▶ _PROBLEM_
With the pictures left out, restate exactly the part below that opens with the line containing "Imediat după luptă" and closes with the line containing "Com os desenhos".

▶ _EXTRACTED DATA_
########################################
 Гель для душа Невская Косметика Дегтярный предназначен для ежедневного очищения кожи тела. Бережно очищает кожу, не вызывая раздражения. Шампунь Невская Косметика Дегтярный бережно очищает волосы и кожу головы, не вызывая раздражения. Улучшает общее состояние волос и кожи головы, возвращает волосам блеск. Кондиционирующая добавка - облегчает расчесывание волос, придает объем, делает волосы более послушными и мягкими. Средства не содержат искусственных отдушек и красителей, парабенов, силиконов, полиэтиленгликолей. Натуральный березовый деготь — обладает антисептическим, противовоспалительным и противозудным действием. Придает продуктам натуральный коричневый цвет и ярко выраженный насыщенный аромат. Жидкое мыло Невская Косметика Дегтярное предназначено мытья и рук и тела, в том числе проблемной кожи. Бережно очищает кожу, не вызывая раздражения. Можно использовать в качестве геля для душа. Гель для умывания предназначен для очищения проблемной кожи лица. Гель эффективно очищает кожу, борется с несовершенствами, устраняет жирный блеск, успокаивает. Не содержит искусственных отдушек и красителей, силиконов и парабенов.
########################################
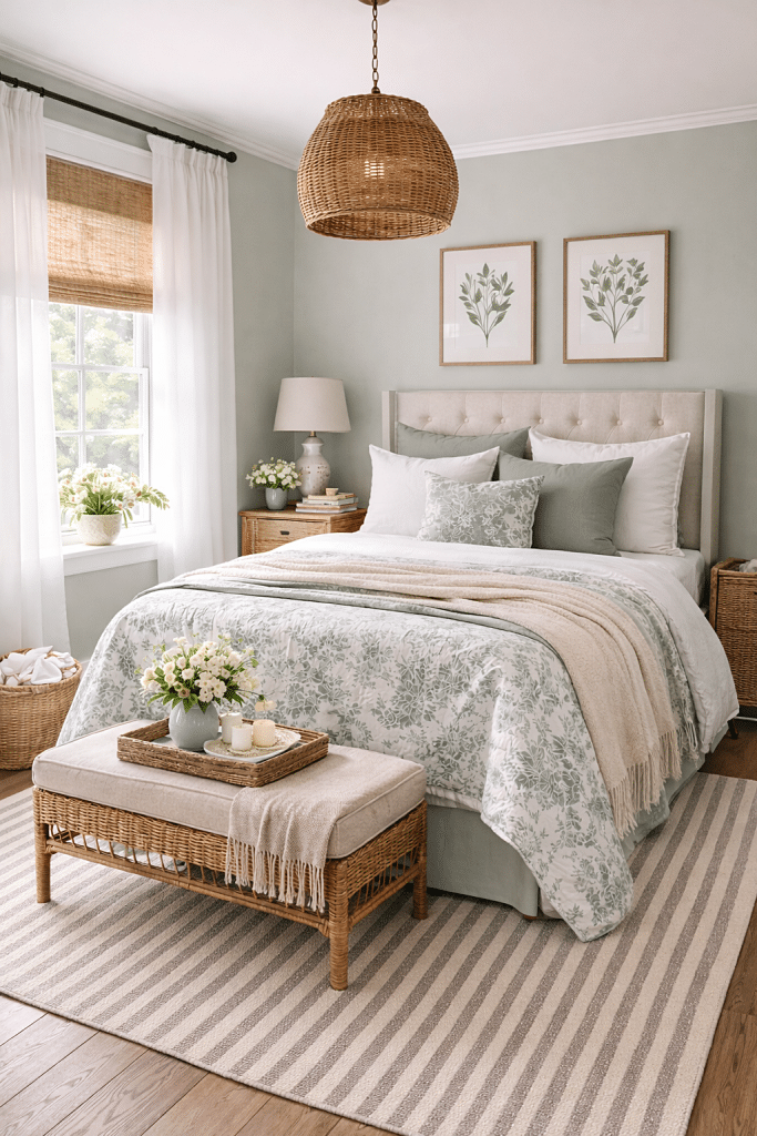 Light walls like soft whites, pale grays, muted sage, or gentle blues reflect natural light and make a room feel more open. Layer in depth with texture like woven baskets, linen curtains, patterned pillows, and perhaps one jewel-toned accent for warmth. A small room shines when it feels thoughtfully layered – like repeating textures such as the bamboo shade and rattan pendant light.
########################################
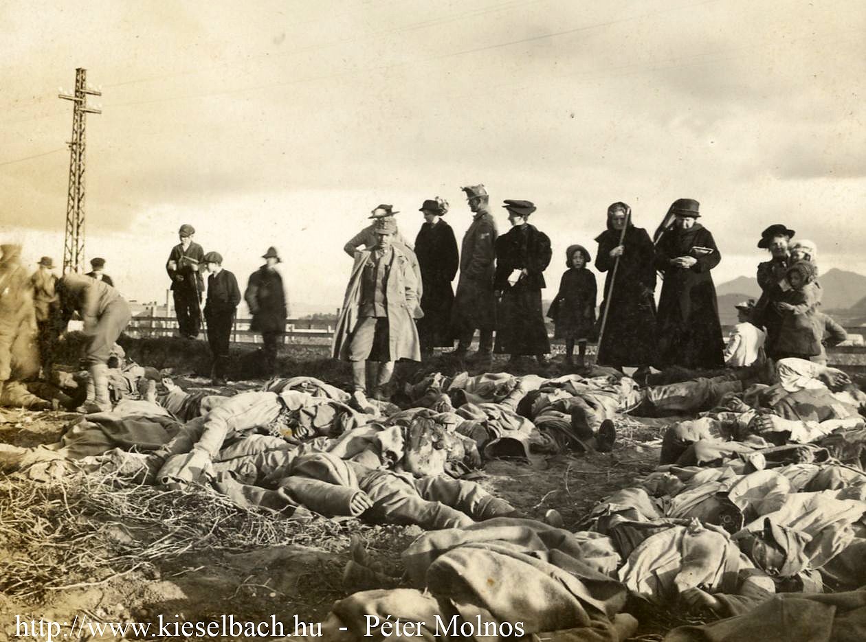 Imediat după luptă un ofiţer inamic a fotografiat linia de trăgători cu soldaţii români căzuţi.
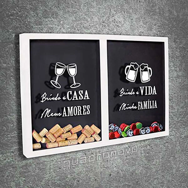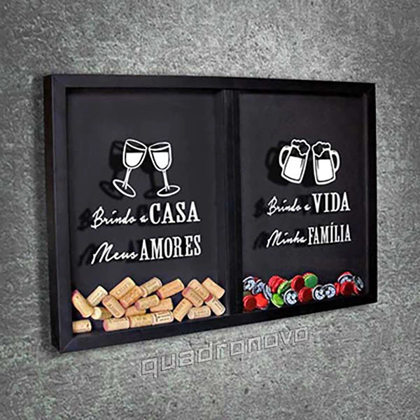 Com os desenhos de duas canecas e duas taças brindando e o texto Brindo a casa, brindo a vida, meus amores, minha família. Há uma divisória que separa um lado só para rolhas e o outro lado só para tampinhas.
########################################
▶ _OUTPUT FOR THIS TASK_
 Imediat după luptă un ofiţer inamic a fotografiat linia de trăgători cu soldaţii români căzuţi.
 Com os desenhos de duas canecas e duas taças brindando e o texto Brindo a casa, brindo a vida, meus amores, minha família. Há uma divisória que separa um lado só para rolhas e o outro lado só para tampinhas.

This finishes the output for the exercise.